On Sat, Jun 06, 2015 at 11:57:31AM +0200, Roger Pau Monné wrote:
> El 05/06/15 a les 23.52, Tim Deegan ha escrit:
> > At 18:21 +0100 on 05 Jun (1433528517), Andrew Cooper wrote:
> >> On 05/06/15 18:16, Stefano Stabellini wrote:
> >>> On Fri, 5 Jun 2015, Andrew Cooper wrote:
> >>>> On 05/06/15 17:43, Boris Ostrovsky wrote:
> >>>>> On 06/05/2015 12:16 PM, Roger Pau Monné wrote:
> >>>>>> El 03/06/15 a les 14.08, Jan Beulich ha escrit:
> >>>>>>>>>> On 03.06.15 at 12:02, <stefano.stabellini@eu.citrix.com> wrote:
> >>>>>>>> On Tue, 2 Jun 2015, Andrew Cooper wrote:
> >>>>>>>>> With my x86 maintainer hat on, the following is an absolute
> >>>>>>>>> minimum set
> >>>>>>>>> of prerequisite for PVH.
> >>>>>>>>>
> >>>>>>>>> * 32bit support
> >>>>>>>> Could you please explain why 32bit is important to get PVH out of tech
> >>>>>>>> preview? I don't see 32 bit OSes as an important use case. Maybe there
> >>>>>>>> is more behind it that I cannot see.
> >>>>>>> The primary reason was named before: 32-bit support will likely
> >>>>>>> end up changing the way 64-bit guests get launched.
> >>>>>> I can work on the new boot ABI, even if it's just a design document now,
> >>>>>> but the actual implementation needs to be done on top of the 32-bit
> >>>>>> support series.
> >>>>>>
> >>>>>> Boris, do you think you could send an early RFC of your 32-bit support
> >>>>>> series in a couple of weeks at most?
> >>>>> That's highly unlikely. For one, I am still unable to boot MP guests.
> >>>>> In addition, it is all held together by rubber bands and matchsticks
> >>>>> so calling it an RFC would be an insult to RFCs. (for example, I
> >>>>> apparently broke HVM somewhere along the way).
> >>>> How about working it the other way around.
> >>>>
> >>>> Start with an HVM guest and start with a sane method of booting.  I
> >>>> highly suggest multiboot1 as it is very easy and we have most of the
> >>>> code already.  Whomever actually gets around to doing this gets leeway,
> >>>> subject to it being sane (which the current method very certainly is not).
> 
> I agree that using a boot ABI similar to multiboot1 is going to solve
> some of the issues that we currently have, while probably simplifying
> the code to build a domain.
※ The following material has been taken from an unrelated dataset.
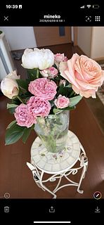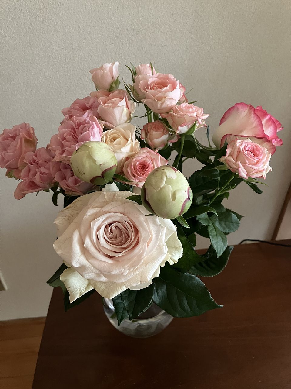 わが家に届いたブーケは、ピオニー3本、スプレーバラ3本、大きめなバラ3本。

There are also several multiboot1
> implementations around which can be used as a basis for this for guest
> OSes that don't have native multiboot support.

Multiboot1 requires that the header be within 8K of the start of the kernel.
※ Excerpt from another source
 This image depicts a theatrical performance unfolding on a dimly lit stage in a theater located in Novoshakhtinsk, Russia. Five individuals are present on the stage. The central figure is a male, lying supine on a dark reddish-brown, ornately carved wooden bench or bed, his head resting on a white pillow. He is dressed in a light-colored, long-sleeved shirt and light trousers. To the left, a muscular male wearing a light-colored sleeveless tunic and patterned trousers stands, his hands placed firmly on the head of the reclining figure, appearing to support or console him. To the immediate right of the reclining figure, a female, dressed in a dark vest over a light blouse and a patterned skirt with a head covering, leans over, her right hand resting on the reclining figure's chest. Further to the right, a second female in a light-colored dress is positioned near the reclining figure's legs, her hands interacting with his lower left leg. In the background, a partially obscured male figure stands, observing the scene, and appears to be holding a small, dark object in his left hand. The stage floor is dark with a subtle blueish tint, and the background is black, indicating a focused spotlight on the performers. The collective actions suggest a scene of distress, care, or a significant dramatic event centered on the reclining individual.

Linux has an PE header, bootparams and multiboot1 would have to fit afterwards
in it.

Now from a implementation and political side:
 - In Linux you would need multiboot1 copy all the paramters in the bootparams
   type. And then if were to use the generic bootup path we need to track
   any changes in the early bootup code - which means we MUST at startup
   look like a bootloader (whatever that means).
 - Adding in extra bootloader support could be blocked by the Linux x86
   maintainers. As in they would prefer to have all the booting code
   related to this lay in arch/x86/xen and just call Linux code the same
   way as it is doing now (setup the pvops, x86_* function tables, etc;
   and then call x86_64_start_reservations (or i386_start_kernel).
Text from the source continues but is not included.